Реакция у немцев была спортивная. Многие даже понять не успели, что случилось, а «конфликт» был уже исчерпан, как самое рядовое дело.
До самых сумерек нас вели по этой нескончаемой дороге, а когда наступила ночь, мы пришли в небольшую деревню.
Деревушка насчитывала всего шесть или семь дворов. Не ручаюсь говорить, были ли там местные жители или их всех вырезали, но только нас распределили по пустым коровникам, заколотили все щели так, что нас даже комары не мучили, и поставили караул. Мы ждали, что дадут хлеба, но есть ничего не дали. Поставили только две деревянные бадьи с водой, на глади которой, особенно у краёв, дрейфовали дохлые мухи.
Кто-то отпил. Я пить не стал, только обмыл лицо и руки. Осмотрел свою ногу. Рана не гноилась и быстро затягивалась. Я помнил, как мой отец делал перевязки в таких случаях. Возможно, это мне и помогло.
Вскоре все повалились – кто на сено, а кто на голый деревянный пол – и канули в забытьё.
Это была моя первая ночь, когда я не знал толком, где нахожусь и буду ли жив завтра.
Как удивительно мироустройство! Как правильно сотворён живой организм! Насколько рационально устроено его существование. Человек – это подлинный шедевр биоархитектуры и последнее усилие вековых эволюций.
Я дышу. Я втягиваю воздух, моргаю, смачивая свой глаз, сглатываю слюну, чтобы смочить горло. Я должен есть, чтобы жить, и едва ли возможно иначе. Всё, что поступит внутрь меня, принесёт мне силы, пользу или вред и боль. Любой продукт разложится во мне на множество частичек, состав которых отчасти поступит в мою кровь и разнесётся по всему организму. Остальное должно выйти естественным путём. Да, в этом «путешествии» мы совершенно забыли об этой надобности. Это всё оттого, что воздух разлагается без видимого остатка. Ну, так вот как же всё это надо было придумать! Как же всё нужно было безупречно просчитать!
Я рос, и мои клеточки множились, составляя новую плоть, но всю совершенную и правильную. Точно по какому-то лекалу, я вырос похожим на своего отца. А он был похож на своего.
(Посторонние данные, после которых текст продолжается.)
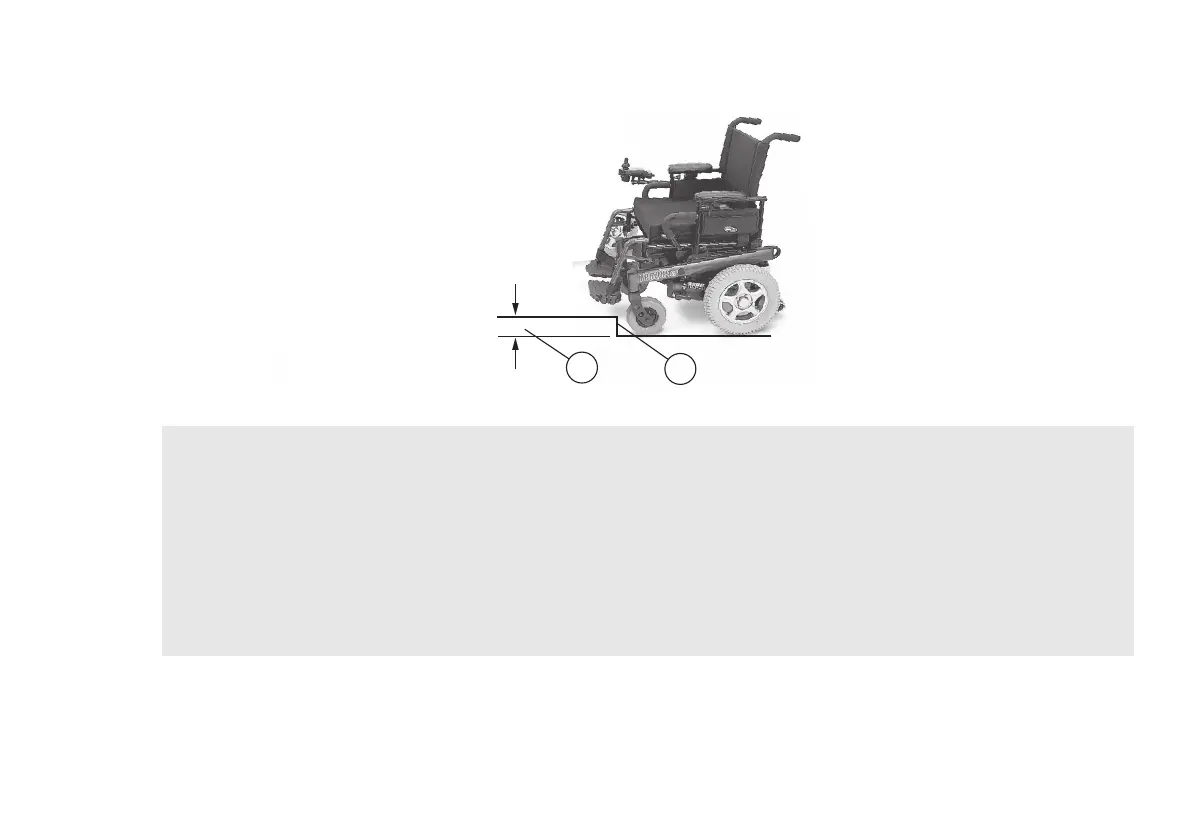 Serious injury or damage to the wheelchair may result from driving forward up over curbs/obstacles (C) greater than

И где все эти чертежи? Где они хранятся? Какая бумага может вынести на себе груз миротворческого характера? И где эта громадная библиотека, способная вместить в себе триллионы подобных чертежей?
Человек никогда не поймёт этого не то что бы до конца, а даже отчасти. Такие сакральные знания скрыты от него навсегда.
Мозг заранее создан таким, чтобы в нём никак не могли бы возникнуть ответы на подобные вопросы. Но здесь, в ситуации, где жизнь человека повисает на волоске, когда достаточно нелепой случайности, глупой провинности или чьей-либо воли, чтобы нить оборвалась, именно здесь я задавался этими вопросами. Они мучают меня и спасают одновременно.
Теперь я могу не замечать всего, что творится вокруг меня. Этой грязи с кровью вперемешку. Этой низости и жестокости, злобы и вероломства. Не видеть смерти. Мой дух восстал внутри меня, и разум сбережёт его от гибели. И я буду жить, пока буду думать.
Когда не осталось ничего иного, за что возможно ухватиться и чем можно воспользоваться, мысль становится единственным путём к спасению души. А через неё к сохранению плоти.
Человеку всегда было свойственно планировать свою жизнь. В этом есть глубокая и важная его суть. Привычка поразмышлять о завтрашнем дне на сон грядущий успокаивает и внушает чувство мнимой уверенности в само придуманном своём будущем. Это «планирование» скорее напоминает замки из песка, чем правильные и точные чертежи архитектора. А жизнь, как известно, имеет времена приливов и отливов, не зависящих ни от лунного календаря, ни от времени года и сверяющихся только с маятником твоей судьбы.
Но какая в сущности разница в том, нахожусь ли я где-то в приятном и родном мне месте или не нахожусь там, имею ли я необходимые и желаемые жизненные блага или не имею того, если я могу представить себе это всё в мельчайших подробностях? Вся разница будет лишь в том, что я никогда не смогу похвастать своей фантазией перед товарищем, да и чёрт с этим. Я просто представлю себе всё, что захочу. Окунусь в свою фантазию с головой, и тогда реальный мир перестанет существовать. Я его не запомню. В моей памяти за этот период отложится только моя фантазия. Прекрасная и безупречная.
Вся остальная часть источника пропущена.